I didn’t know what that meant, and I had no intention of finding out. I bolted from the bush, hand in the bag, obscuring the light, scuttling like a crab, staring upward, waiting for the stars to go out.
As I crossed the street, I knew there would be no cover between me and the front door. I opened the bag and rolled the light behind me in the opposite direction. I heard the rush of air, nearly parting my hair, as I sprinted toward the building. Faces pressed against the plexiglass, waving in the moonlit gloom.
The fluttering stopped at the sound of the rolling light. I heard my backpack being shredded. I wasn’t going to make it. Fifty yards. I looked up and thought I saw my sisters on the terrace. A flicker of flame. A lighter.
And a childhood deviancy saved me.
Several paper airplanes, tips ignited, sailed out into the darkness. Don’t ask. I don’t know what possessed them. Maybe boredom. Maybe instinct. Kids do strange things without considering consequences.
Tonight, it was a godsend.
The shadows, finished with my backpack and waiting for me to move, took flight and engaged the tiny flaming fighters as they spiraled downward.

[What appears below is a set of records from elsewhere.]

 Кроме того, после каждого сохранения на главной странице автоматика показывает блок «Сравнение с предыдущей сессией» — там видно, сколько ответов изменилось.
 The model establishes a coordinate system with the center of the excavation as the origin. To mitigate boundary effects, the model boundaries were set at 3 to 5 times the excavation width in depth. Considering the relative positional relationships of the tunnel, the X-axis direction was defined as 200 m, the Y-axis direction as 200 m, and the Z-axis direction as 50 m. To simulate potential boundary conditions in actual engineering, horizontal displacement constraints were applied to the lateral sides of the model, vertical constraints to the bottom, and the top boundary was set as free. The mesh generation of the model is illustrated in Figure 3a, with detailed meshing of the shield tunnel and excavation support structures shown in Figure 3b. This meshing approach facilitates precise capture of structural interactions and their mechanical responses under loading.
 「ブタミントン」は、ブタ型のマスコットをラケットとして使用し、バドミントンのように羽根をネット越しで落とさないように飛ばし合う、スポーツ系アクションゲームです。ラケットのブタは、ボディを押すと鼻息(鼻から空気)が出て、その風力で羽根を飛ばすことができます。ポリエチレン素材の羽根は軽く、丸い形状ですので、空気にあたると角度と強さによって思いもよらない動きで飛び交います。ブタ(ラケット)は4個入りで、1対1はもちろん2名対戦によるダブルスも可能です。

As they extinguished each one, I gained ground. Then—like a miracle—more planes. From every window in the two facing tenements.
People leapt from shadows and ran for the building as the sky lit with flames and savage darkness. We ran together, gently helping one another, until we were safely inside.

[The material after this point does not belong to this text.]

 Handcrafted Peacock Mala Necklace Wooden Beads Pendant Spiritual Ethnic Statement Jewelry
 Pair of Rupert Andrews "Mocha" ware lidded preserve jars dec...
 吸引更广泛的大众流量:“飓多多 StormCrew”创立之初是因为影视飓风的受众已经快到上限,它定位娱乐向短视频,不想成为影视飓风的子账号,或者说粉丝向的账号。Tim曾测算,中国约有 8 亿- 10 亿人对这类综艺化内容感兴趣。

The fire planes stopped soon after.
The shadows descended—each the size of a car—and paced the street, flipping trash cans, overturning cars, consuming anyone unlucky enough to remain outside. We watched. We screamed. We could not go out.
It took me an hour to climb those ten flights of stairs. My strength was gone. My sisters dragged me inside. We never told our parents what we thought happened. The destruction was attributed to riots and organized violence.
Crossing the overpass Monday morning, I could still see the wreckage of the Oldsmobile thrown from the bridge. Unimportant. I saw Pete too. Silent again. But he met my gaze with all the terror we shared, fresh as the rising sun.
“More than 13,000 people were reported missing in New York City last year. A percentage of those missing or their remains are never recovered.”